CS129 / Project 3 / Seam Carving

Cristina's World by Andrew Wyeth resized in x and y

In this project, we resize images intelligently by removing low energy seams from the image, instead of cropping or resizing the image. The basic algorithm for seam carving is described well by Wikipedia, but I'll describe it more below. For the purposes of this assignment, we consider a seam in, say, the vertical direction to consist of one pixel for each y value in the image such that each pixel in the seam at a given y touches the pixels in the seam above it and below it. In the horizontal direction it is the same, but replace x for y. This formulation allows us to remove continuous parts of the image, which limits the amount of noise and discontinuities we generate.

Algorithm

The first step of the algorithm is to calculate an energy map of the image. We do this by looking at the difference between a given pixel and it's four adjacent pixels in each of the RGB channels. The energy of the pixel is the sum of the absolute values of the differences. This is meant to assign high energy to high gradient areas (such as edges) that we might want to preserve in the final output, and assign low energy to pixels in low gradient areas. What we want to find is the seam with the lowest cost in the image so that we can remove it. To find the lowest cost seam, we use a dynamic programming approach. At each row, we calculate the best seam up to this point for each pixel. This is done by, for each pixel, looking at the three pixels that it touches above it (i.e. top right, top center, and top left), and then choosing the one which has the best path up to that point.

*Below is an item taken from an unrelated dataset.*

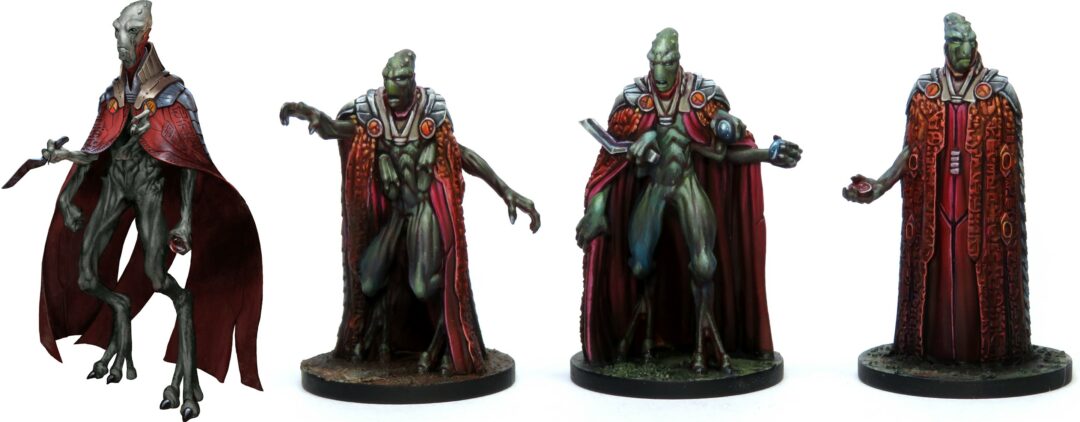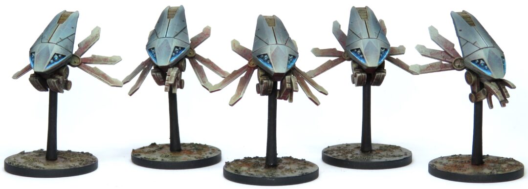 The Talos (second from left) are humanoid machines comprised of a crystalline rock structure similar to the walls of the asteroid habitats. They are armoured and able to regenerate from damage. Their weapons are integrated into their bodies and include plasma and heat as well as neurological attacks. Referred to as ‘Sentinels’ by the intruders, their only purpose is to attack on sight.

At each choice, we make sure that the pixel knows which pixel above it it chose, and what the cost of the best seam to that point would be (i.e. the cost of the best seam above it plus the energy at this pixel). For the top row, we assign the best seam up to that point as the cost of the pixel, and then for each row below it we employ this algorithm row by row, until we get to the bottom. Once we have done this calculation for every pixel in the image, we go through the bottom row and find the best seam up to that point (i.e. the best seam over the whole image), and then we figure out which pixels are in that seam by following the path of previous pixels we set as we were doing our calculation. Once we have figured out the best seam, we remove it from the image, making it one pixel smaller in whichever direction the seam was removed from. To resize an image by more than one pixel, you simply repeat the whole process once for each pixel you want to resize by.

Results

Original Retargeted to 200px less width

Discussion

As we can see by these results, our formulation of the seamcarving algorithm works alright for images with large areas with low detail (such as the Wyeth painting or the Lava scene), but is worse with images that include things like faces or human forms (see Mona Lisa or James Hays) or extremely well defined edges (such as the Kandinsky painting). The problem with faces is that there are areas of low energy (observe the darker side of James Hays face), but the proportions of the faces are important for us humans to recognize them as faces. The algorithm doesn't deal with this, but if we could optimize the energy function to better deal with this situation. In the Kandinsky painting, the geometric primitives such as the lines or circles are corrupted and lose their original shape. The straight black lines look especially bad because after the algorithm has run, those lines are no longer straight. One way to deal with this would be to calculate the forward energy instead of the backward energy as described in section 5 of this paper. The way that that energy function works is by optimizing the resultant image with the seam cut out, rather than just cutting the lowest current energy seam, so it will be optimized against introducing new edges. You can see at the top of this page a version of Wyeth's painting retargeted by 100 pixels in both the x and y directions. This one worked well, since the image has a lot of low detail green and white space, but on other images it is suboptimal.

N.B. All of the images in my results section have been retargeted by 200 pixels in the x direction except for the image of James Hays, which is retargeted by 100 pixels because the source image is only 160 pixels wide to begin with.